Euro tiptoes higher again as ECB meet eyed

Reuters London | Updated on January 10, 2018 Published on September 05, 2017


Dollar struggles as North Korea concerns simmer

The euro extended gains on Tuesday on growing expectations that any concerns the European Central Bank flags about its strengthening at a meeting this week will have a limited impact.

“Any attempt to jawbone the currency lower by the ECB will be limited in its impact as the broader market expects policymakers to stick to their plan of gradually unwinding its policy stimulus,” said Peter Rosenstreich, head of market strategy at Swissquote in Switzerland.

The euro climbed 0.1 per cent to $1.1905, notching up meagre gains as most currencies traded broadly unchanged from overnight ranges as tensions over North Korea remained high.

It has gained more than 13 per cent against the dollar this year and is up more than 5 per cent on a trade-weighted index calculated by the ECB since April.

Despite those chunky gains and the large swings in favour of the euro in latest positioning data, analysts say that any pushback from ECB policymakers at their meeting on Thursday would have a limited impact.

JP Morgan strategists estimate that a halving of the outstanding long euro positions in the currency market -- a very low probability event -- would only trigger a 2 percent drop in the euro.

Political tensions kept the dollar on the back foot against the yen and the Swiss franc.

North Korea has been observed moving what appeared to be an intercontinental ballistic missile towards its west coast, South Korea's Asia Business Daily reported on Tuesday, citing an unidentified intelligence source.

The dollar's index against a basket of six major currencies slipped 0.15 per cent to 92.508.

“The market looks to have already priced in North Korea’s nuclear test.
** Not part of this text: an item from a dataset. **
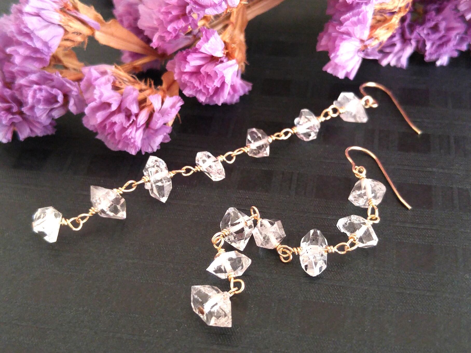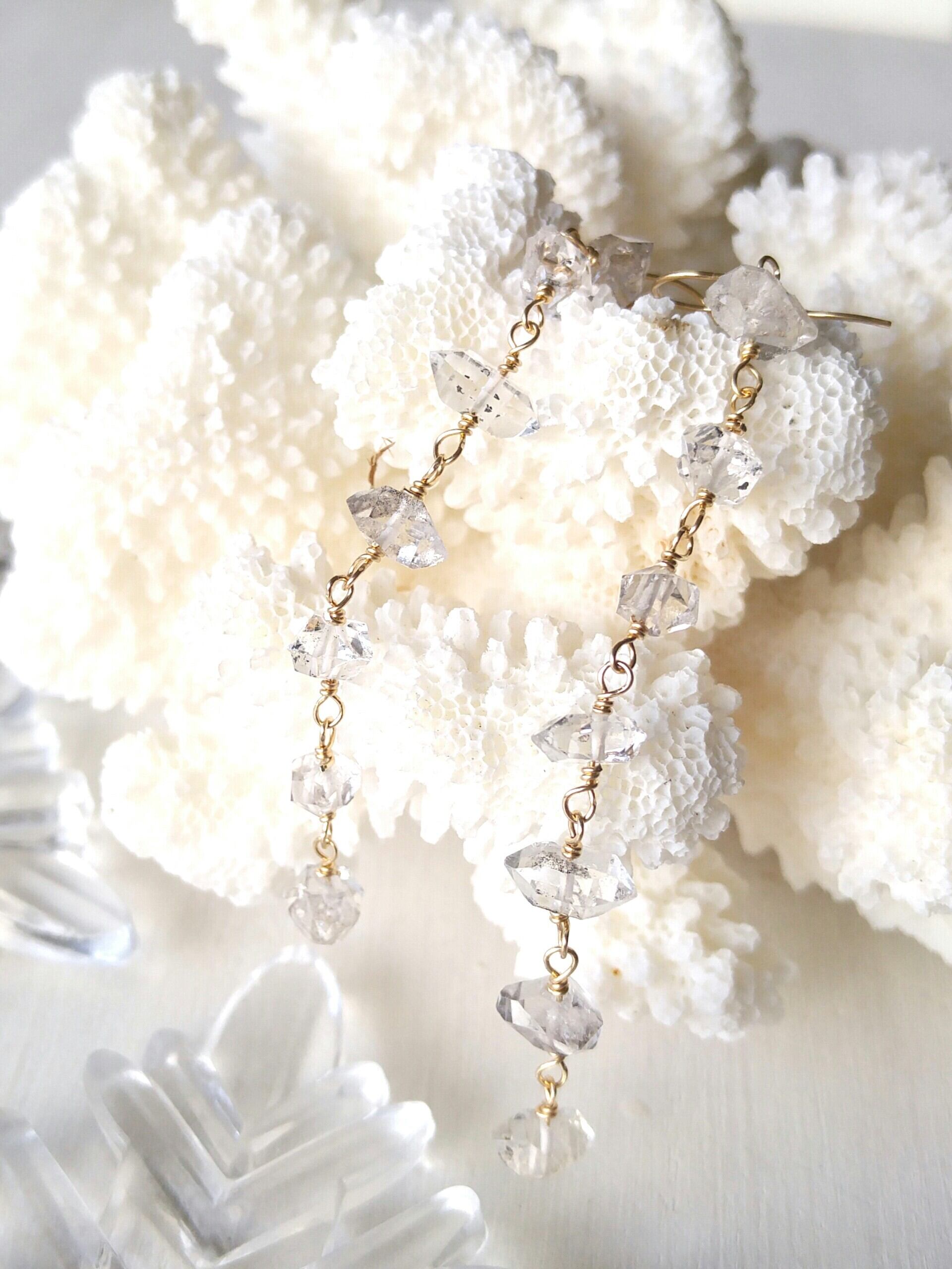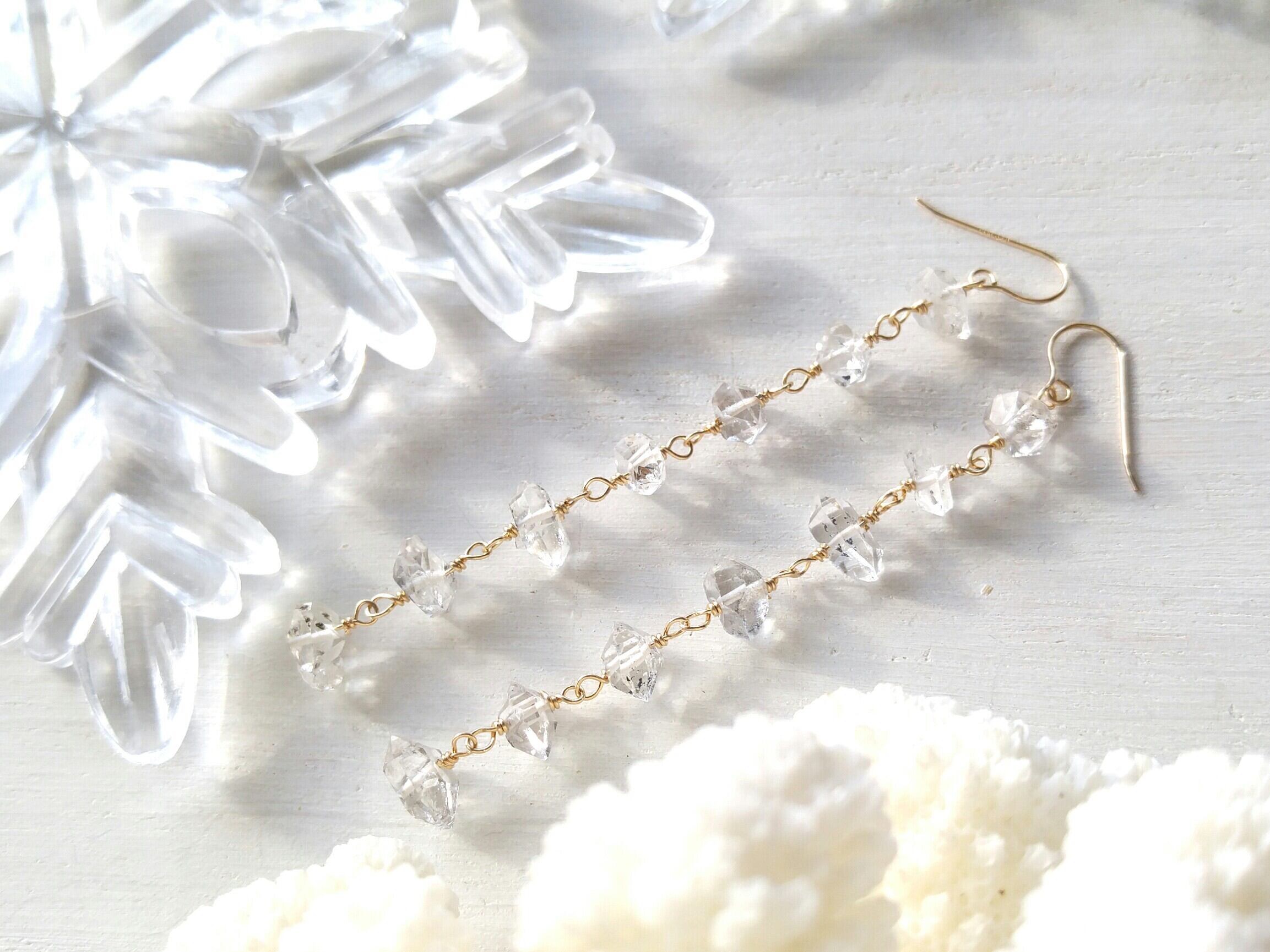 キラキラ美しいハーキマーダイヤモンドをそれぞれに7粒、両耳で14粒ずつも使った

While caution towards the North conducting another missile launch is limiting the dollar’s upside, at least the market can be mentally prepared for it,” said Yukio Ishizuki, senior currency strategist at Daiwa Securities.

South Korea’s defence ministry said on Monday it was still seeing signs that North Korea plans to launch more ballistic missiles.

“Meanwhile, there will be other factors this month that could ultimately support the dollar, such as the Federal Reserve’s policy meeting and upcoming discussions over the US debt ceiling,” Ishizuki at Daiwa Securities said.

The US Treasury Department has a September 29 deadline to raise the debt limit, a legal cap on how much the US government is allowed to borrow. Only the US Congress can raise the debt limit and expectations have risen that the ceiling would not affect Federal efforts to clean up after Hurricane Harvey.

The Swiss franc was a touch weaker at 0.9585 franc per dollar after jumping 0.7 per cent the previous day following North Korea’s nuclear test.

The Australian dollar was up 0.1 per cent at $0.7948 after the risk aversion that gripped the broader markets overnight pulled it off a one-month high of $0.7997 set on Friday.